Screenshot 2022-08-24 at 10.35.452814×1070 231 KB

ok thank you, I did not see that!

Now I have the two plots again, but I would like to merge them into one, with two Y-axes, and the Y-axis of the “blue” graphs should be on the right, going from 0, 50 like it does now, and show “Resistance [Ohm]”. So I made the TGaxis on line 242 (on or about ) and I tried to deal with pads like I saw in some example.

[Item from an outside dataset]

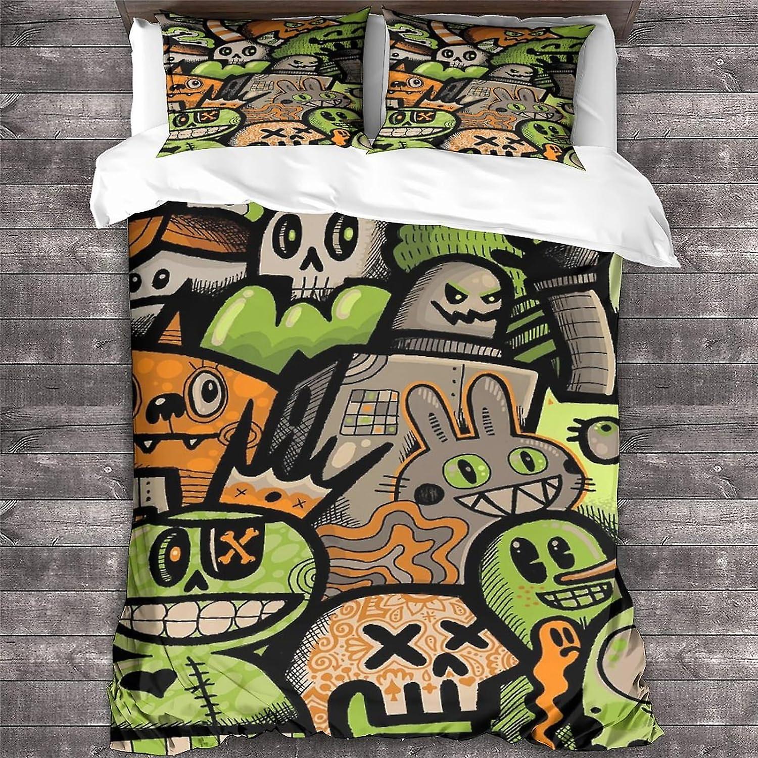 ARIJORJA monster 3D Graffiti Duvet Cover And Pillowcases,Graffiti Printed Quilted Bedding Set for Bed Room - Super Breathable Hypoallergenic Full Bed

Any ideas how I can merge the two?

Cheers,
Nikkie

You should make only one TMultiGraph collecting all the TGraphs in mg and mg1.

ok, and how do I make sure that the second Y-axes is connected properly connected to the “blue” data points? Because I tried several options but I don’t see how I can do that in one MultiGraph. So that is why I played around with the two MultiGraphs and the TPads.

The 2nd axis is a TGaxis. It is not “connected” to anything. That’s up to you to define its limits when you create it.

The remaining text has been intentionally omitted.